** Aim of the exercise **
There is one span to output from the data below: the lines starting at the line with "HCRXVV Magical Décoration" and ending at the line with "도고cc의 회원권은 개인회원권으로 정회원 1인으로 구성되어 있는". Output it exactly, ends included, nothing more.

** Provided records **
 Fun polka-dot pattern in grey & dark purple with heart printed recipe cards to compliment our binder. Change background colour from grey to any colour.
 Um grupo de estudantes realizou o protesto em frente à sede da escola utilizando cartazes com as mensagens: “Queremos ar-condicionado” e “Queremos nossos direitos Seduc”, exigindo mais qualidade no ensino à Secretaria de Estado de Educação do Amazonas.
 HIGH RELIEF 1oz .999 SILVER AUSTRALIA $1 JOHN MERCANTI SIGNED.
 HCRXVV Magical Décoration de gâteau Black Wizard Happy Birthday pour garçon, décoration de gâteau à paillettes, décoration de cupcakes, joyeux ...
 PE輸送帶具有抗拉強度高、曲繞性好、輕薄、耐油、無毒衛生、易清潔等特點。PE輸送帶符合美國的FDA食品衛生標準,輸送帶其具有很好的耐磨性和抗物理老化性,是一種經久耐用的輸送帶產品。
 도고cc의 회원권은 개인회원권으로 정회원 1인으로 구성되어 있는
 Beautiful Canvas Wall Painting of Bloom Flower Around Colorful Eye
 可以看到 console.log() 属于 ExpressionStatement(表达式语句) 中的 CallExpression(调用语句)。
...
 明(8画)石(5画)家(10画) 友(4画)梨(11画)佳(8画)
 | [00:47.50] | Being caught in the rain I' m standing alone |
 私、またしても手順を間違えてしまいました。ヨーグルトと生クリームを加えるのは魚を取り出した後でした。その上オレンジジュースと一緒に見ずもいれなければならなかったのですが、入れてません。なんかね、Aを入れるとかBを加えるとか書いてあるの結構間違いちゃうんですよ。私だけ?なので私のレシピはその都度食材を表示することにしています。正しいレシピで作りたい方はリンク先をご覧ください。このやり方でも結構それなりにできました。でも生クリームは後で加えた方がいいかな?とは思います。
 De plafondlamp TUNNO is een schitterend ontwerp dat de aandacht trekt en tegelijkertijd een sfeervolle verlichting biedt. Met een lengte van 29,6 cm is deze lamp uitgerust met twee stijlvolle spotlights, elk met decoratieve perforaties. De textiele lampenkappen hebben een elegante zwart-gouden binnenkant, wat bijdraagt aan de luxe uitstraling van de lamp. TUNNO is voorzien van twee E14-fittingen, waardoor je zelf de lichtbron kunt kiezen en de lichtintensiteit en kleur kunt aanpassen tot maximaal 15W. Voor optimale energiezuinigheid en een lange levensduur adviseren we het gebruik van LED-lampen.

** Answer space **
 HCRXVV Magical Décoration de gâteau Black Wizard Happy Birthday pour garçon, décoration de gâteau à paillettes, décoration de cupcakes, joyeux ...
 PE輸送帶具有抗拉強度高、曲繞性好、輕薄、耐油、無毒衛生、易清潔等特點。PE輸送帶符合美國的FDA食品衛生標準,輸送帶其具有很好的耐磨性和抗物理老化性,是一種經久耐用的輸送帶產品。
 도고cc의 회원권은 개인회원권으로 정회원 1인으로 구성되어 있는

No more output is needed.